Published: 03/27/2011 - Updated: 08/14/2019
In these hard times, from the economic point of view, a considerable number of Europeans have difficulties in purchasing food and making efforts to save in the shopping cart. There is a widely held misconception that all healthy foods are expensive. You can eat healthy with low budget, but it may take a little bit more planning.

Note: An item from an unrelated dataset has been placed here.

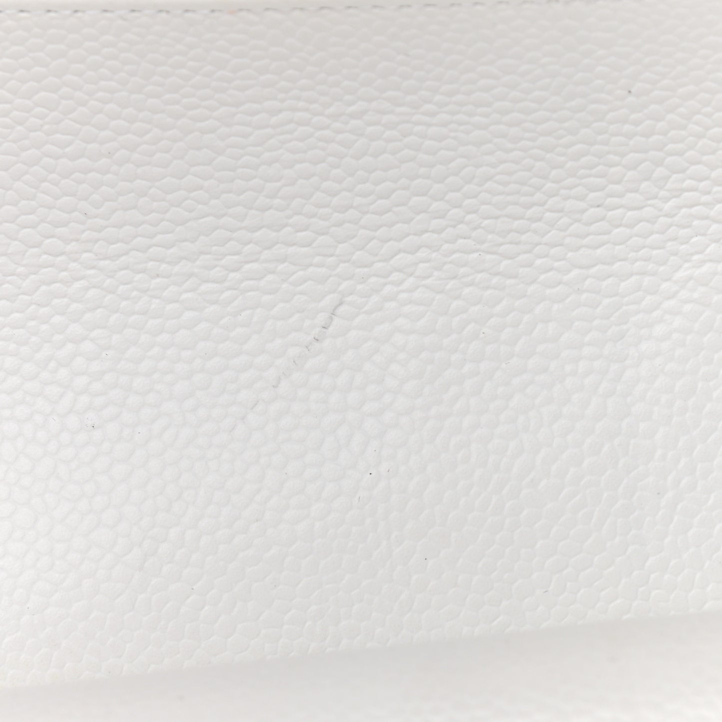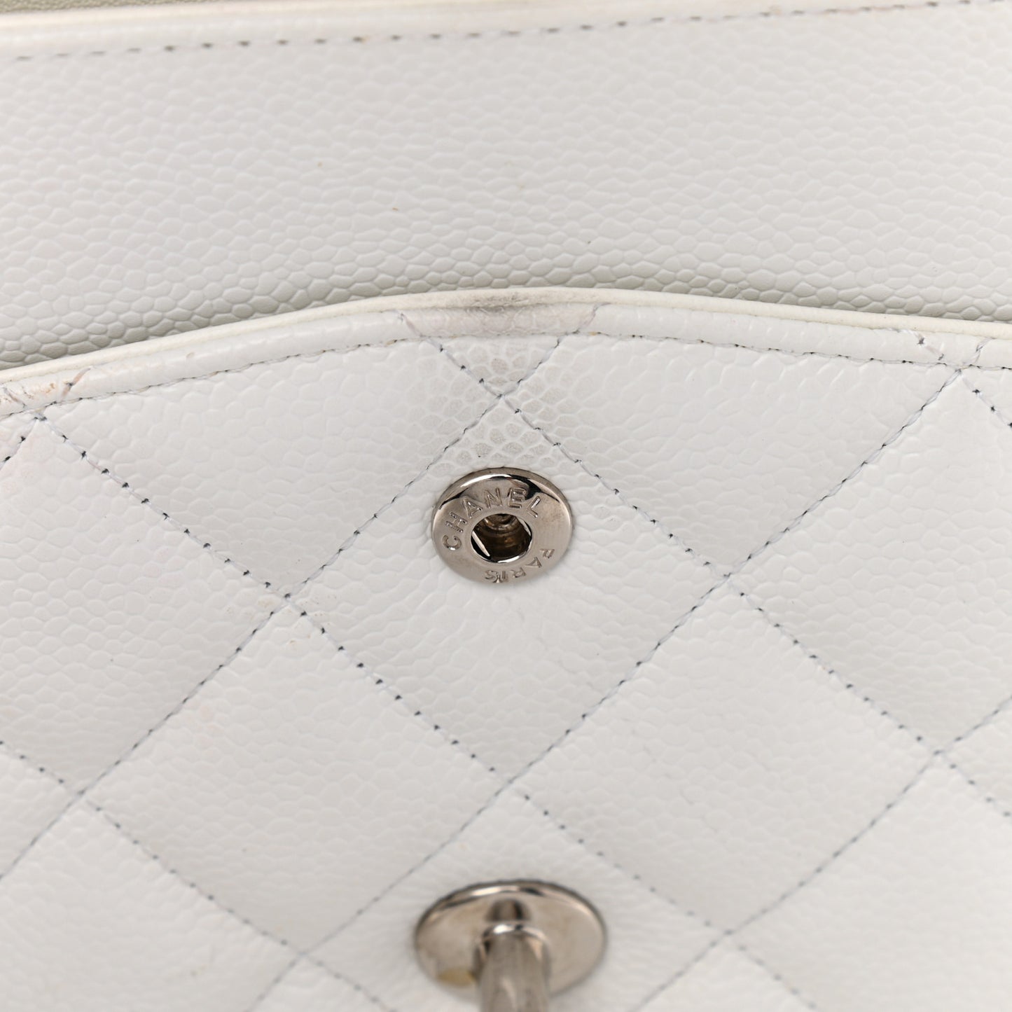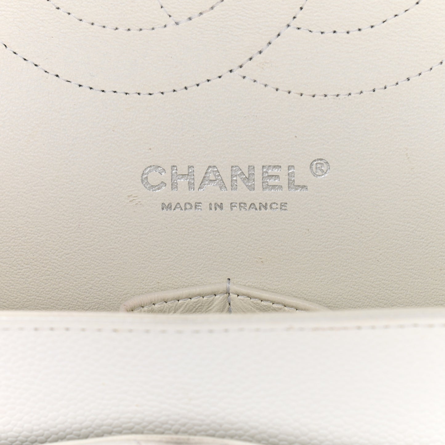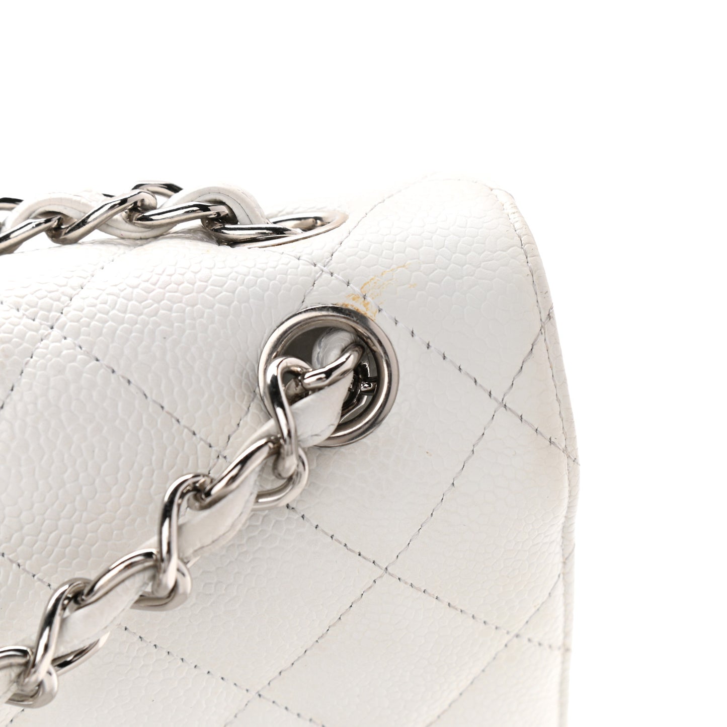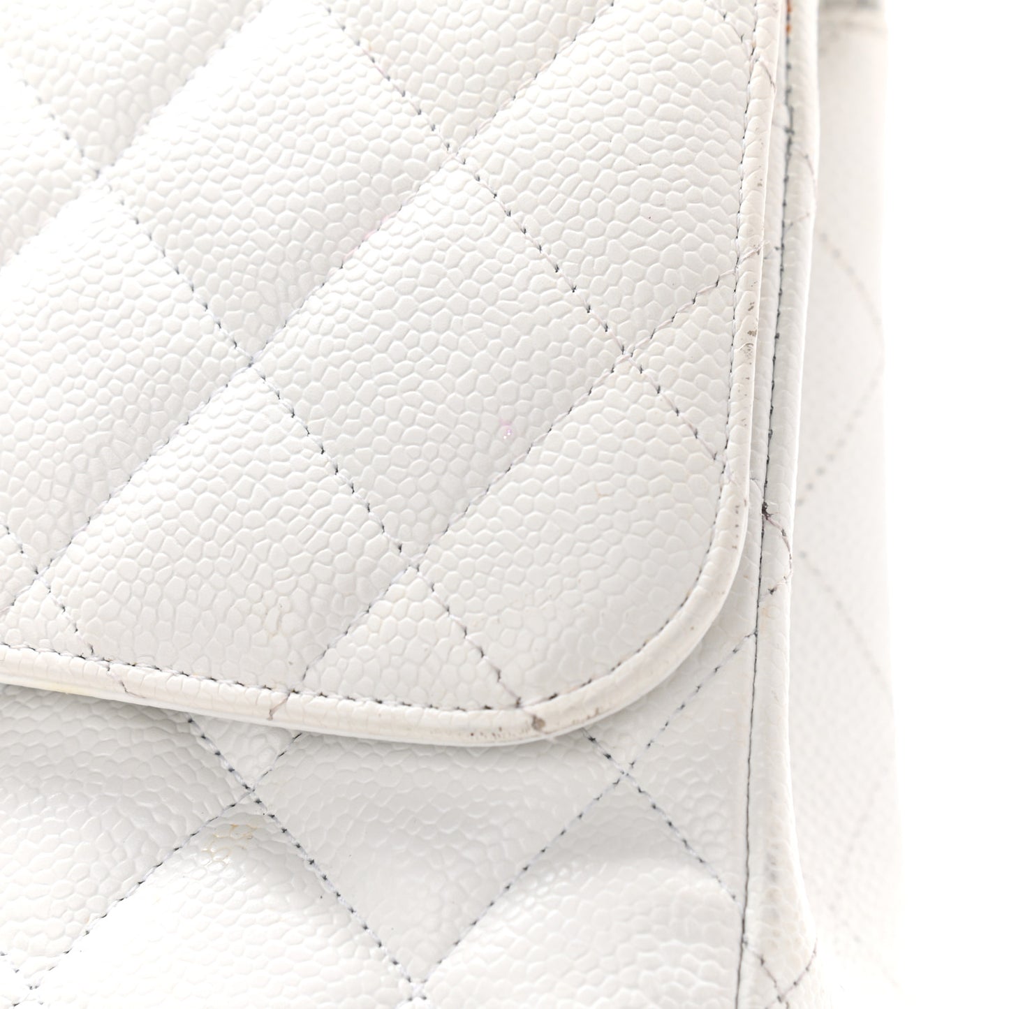 This is an authentic CHANEL Caviar Quilted Jumbo Double Flap in White. This stunning large flap bag is finely crafted of diamond quilted luxurious caviar leather in white. The handbag features silver chain-link shoulder straps threaded with leather, a facing flap, and a silver Chanel CC turn lock. This opens to an inner flap and matching leather interior with patch pockets.Follow this item for alerts. Chanel is a registered trademark of Chanel. FASHIONPHILE is not affiliated with Chanel.
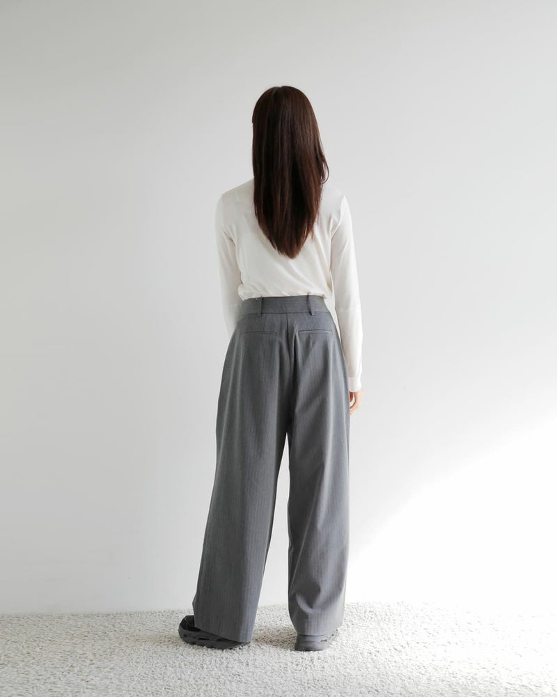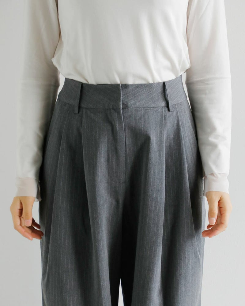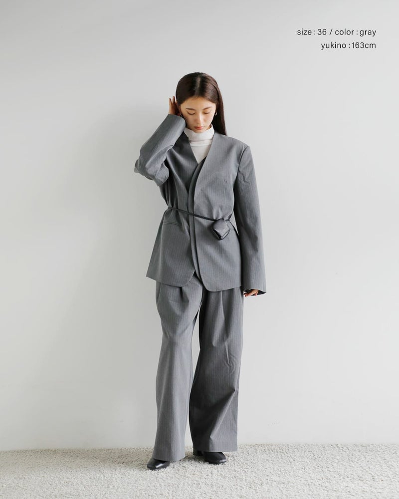 ストレッチ性のある平織りの杢調素材で仕上げたワイドパンツ。ダブルタックデザインで、シンプルなディテールとこなれ感の出るラフなシルエットが、コーディネートの幅を広げてくれる一本。しわになりにくく、肌触りが心地良い点も魅力。同素材のCollarless Over Jacketとセットアップで着るのもおすすめ。グレーは細ラインのストライプ素材。チャコールグレーは少しブルー味のあるなんとも言えない絶妙な色合いで、着るだけで洒落感の出るカラーです。

According to the 2010 Flash Eurobarometer survey, carried out to monitor the social impact of the current economic crisis, nearly one in five Europeans struggled to buy food or other necessities for daily life at least once during the twelve months prior to survey1. Because of this unstable financial situation, everybody cares about the future and tries to cut costs. A clear objective is the shopping cart.
Home meals are cheaper
A recent American study evaluated the cost of buying food to meet national dietary recommendations. They compared the purchase of food from supermarkets and fast food restaurants. Food purchased in supermarkets included large quantities of fruit, frozen vegetables, chicken breast, lean meat, pasta, bread, breakfast cereals and dairy products. Meals purchased in the modern restaurant typically consisted of sandwiches, chicken pie, braised or fried potatoes, juice, coffee or soft drinks. Analysis showed that the cost per calorie if fast food diet was 24% higher than the diet of homemade food. However, this calculation does not include the costs of private infrastructure in cooking or the time to buy and prepare food, so the total savings would be somewhat smaller. Unfortunately, no data are available in Europe for making the comparison.
The guidelines encourage the consumption of cheaper food
It is generally believed that healthy eating is expensive, but supermarkets now offer a wide range of alternatives. In addition, dietary guidelines recommend eating only small amounts of expensive items like meat, fish, chicken and cheese. We really should eat more beans, lentils and other financial products such as bread (whole wheat), rice, pasta and other cereals. Talking about fruits and vegetables, fresh seasonal products are not usually expensive. Consider also frozen and canned vegetables, which are available throughout the year and contribute equally to achieve the recommended intake of these products..
Minimize food waste
In Europe, we throw away large quantities of food each year, often still in their original packaging. This is mainly because the food spoils before we find time to eat or we cook too much and throw away the rest. Some web pages have been created to help minimize food waste, often providing tips to control portions, keep food fresh for longer time, and use the leftovers with new recipes.
Always have a plan
A good way to eat healthily and economically without wasting food is to have a plan. Spend half an hour to decide your weekly menu, look in recipe books or consult one of the many websites where you will get plenty of ideas for preparing healthy food. Check what you have in your pantry, make a list of additional ingredients and stick to your list to make the purchase. Eat something before going to the supermarket, you might as well avoid impulse of buying, as hunger makes us fill our shopping cart with products that we do not need.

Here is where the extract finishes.